▶ [What needs to be done]
Without the pictures, print the lines from the one holding "Tapicerka w kolorze" through the last line below, both included, exactly as they stand.

■ ■ ■

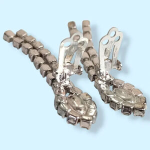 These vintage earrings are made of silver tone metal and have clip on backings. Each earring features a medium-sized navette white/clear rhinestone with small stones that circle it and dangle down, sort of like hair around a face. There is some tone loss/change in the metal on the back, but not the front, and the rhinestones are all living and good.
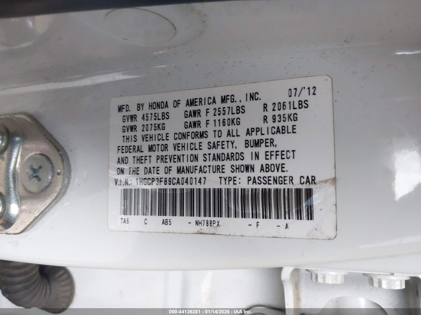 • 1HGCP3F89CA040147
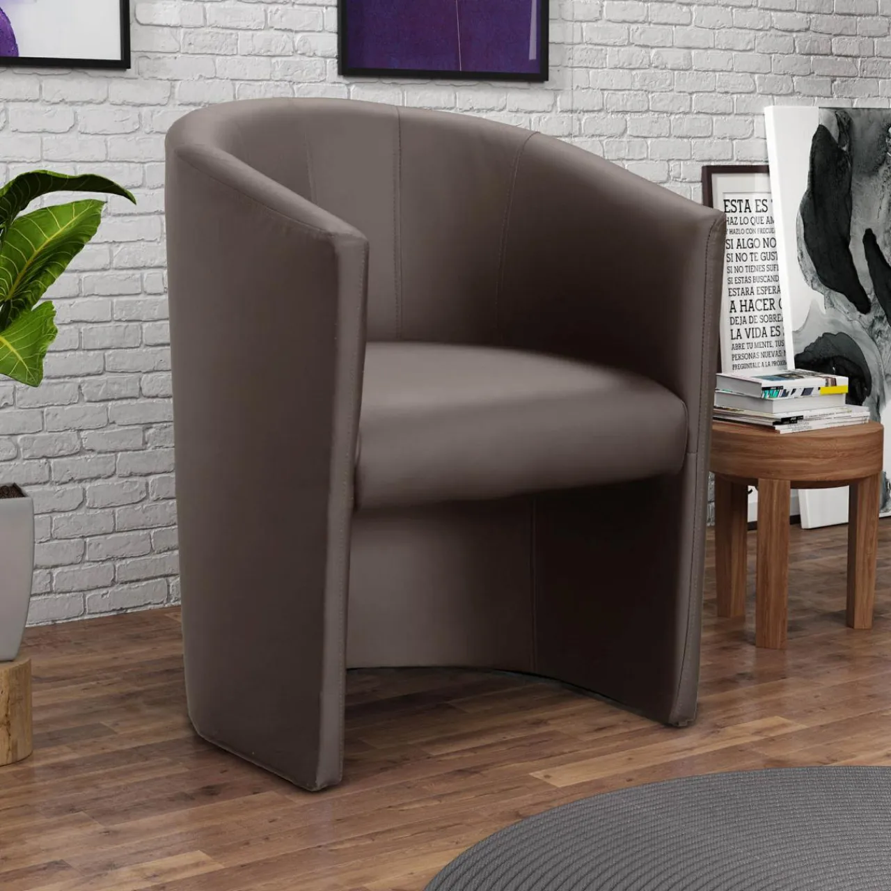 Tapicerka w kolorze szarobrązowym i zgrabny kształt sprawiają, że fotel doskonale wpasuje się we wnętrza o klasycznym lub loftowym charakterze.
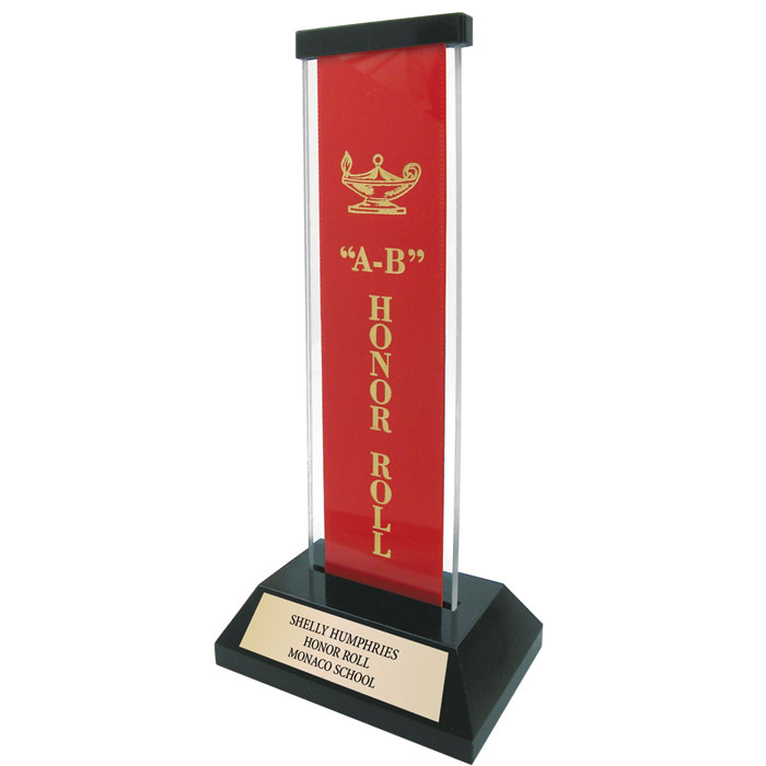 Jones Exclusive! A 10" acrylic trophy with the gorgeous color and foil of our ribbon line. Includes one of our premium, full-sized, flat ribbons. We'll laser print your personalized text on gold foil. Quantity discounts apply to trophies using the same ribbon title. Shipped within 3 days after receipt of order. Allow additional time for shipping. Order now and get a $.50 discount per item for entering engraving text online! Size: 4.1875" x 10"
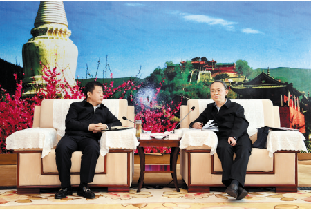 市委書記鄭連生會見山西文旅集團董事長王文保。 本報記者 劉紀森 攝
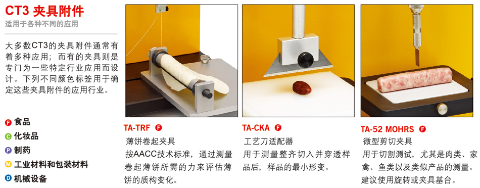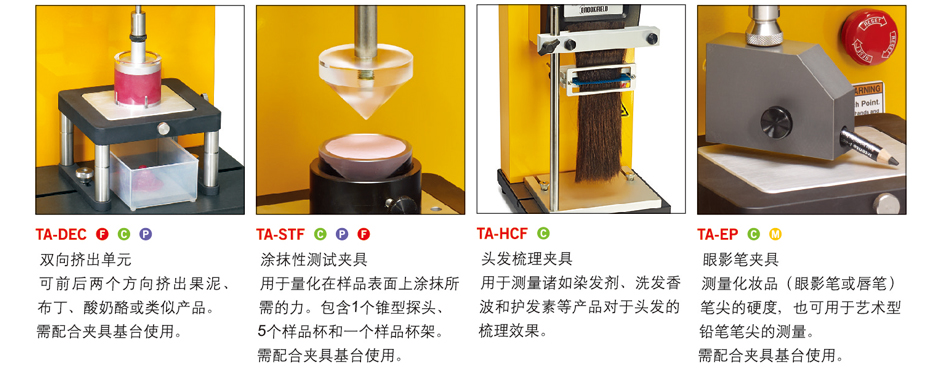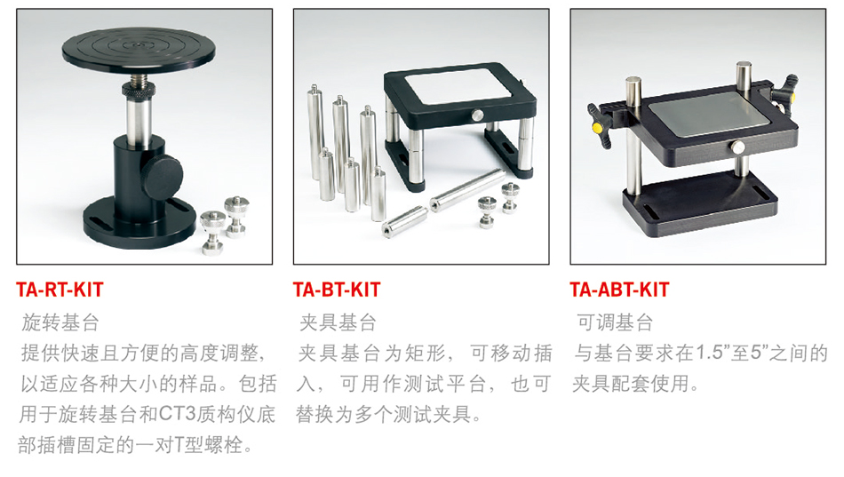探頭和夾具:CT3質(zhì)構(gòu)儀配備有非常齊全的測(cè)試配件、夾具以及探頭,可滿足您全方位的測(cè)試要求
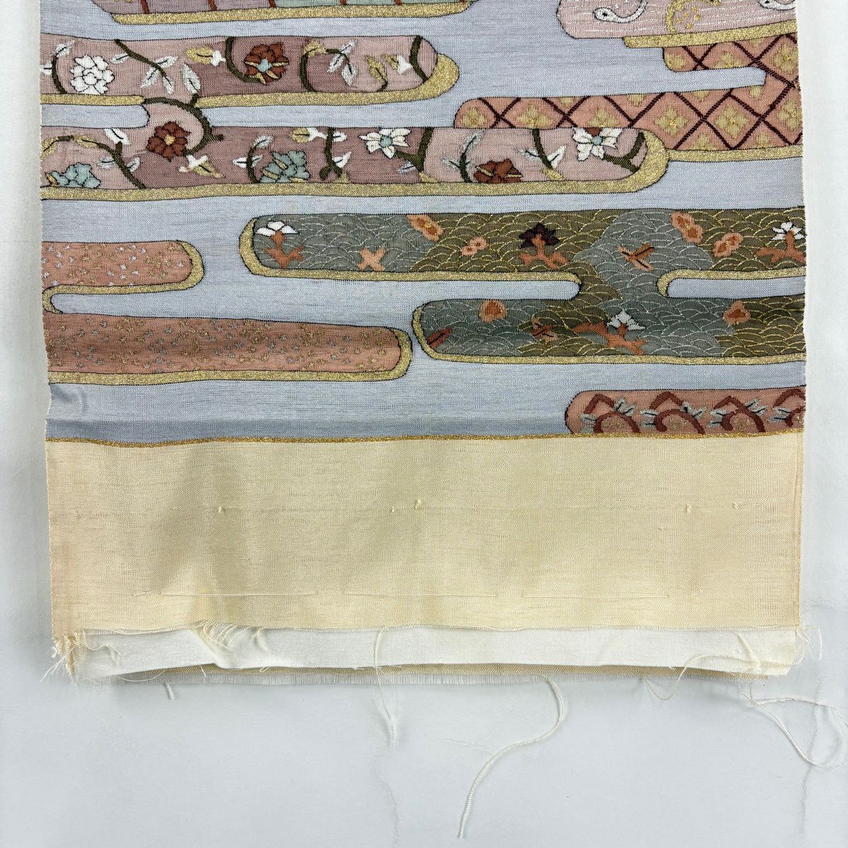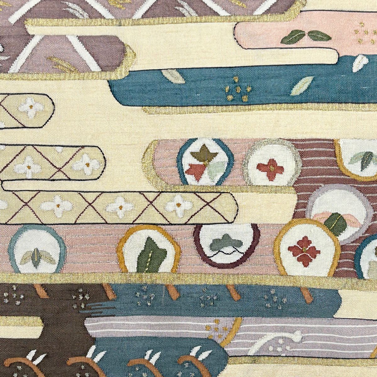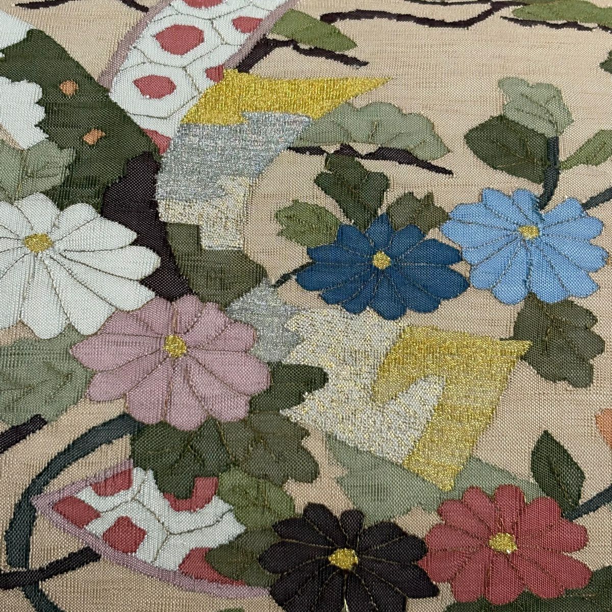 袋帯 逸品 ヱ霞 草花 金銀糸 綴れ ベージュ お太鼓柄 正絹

■ ■ ■

▶ [Response]
 Tapicerka w kolorze szarobrązowym i zgrabny kształt sprawiają, że fotel doskonale wpasuje się we wnętrza o klasycznym lub loftowym charakterze.
 Jones Exclusive! A 10" acrylic trophy with the gorgeous color and foil of our ribbon line. Includes one of our premium, full-sized, flat ribbons. We'll laser print your personalized text on gold foil. Quantity discounts apply to trophies using the same ribbon title. Shipped within 3 days after receipt of order. Allow additional time for shipping. Order now and get a $.50 discount per item for entering engraving text online! Size: 4.1875" x 10"
 市委書記鄭連生會見山西文旅集團董事長王文保。 本報記者 劉紀森 攝
探頭和夾具:CT3質(zhì)構(gòu)儀配備有非常齊全的測(cè)試配件、夾具以及探頭,可滿足您全方位的測(cè)試要求
 袋帯 逸品 ヱ霞 草花 金銀糸 綴れ ベージュ お太鼓柄 正絹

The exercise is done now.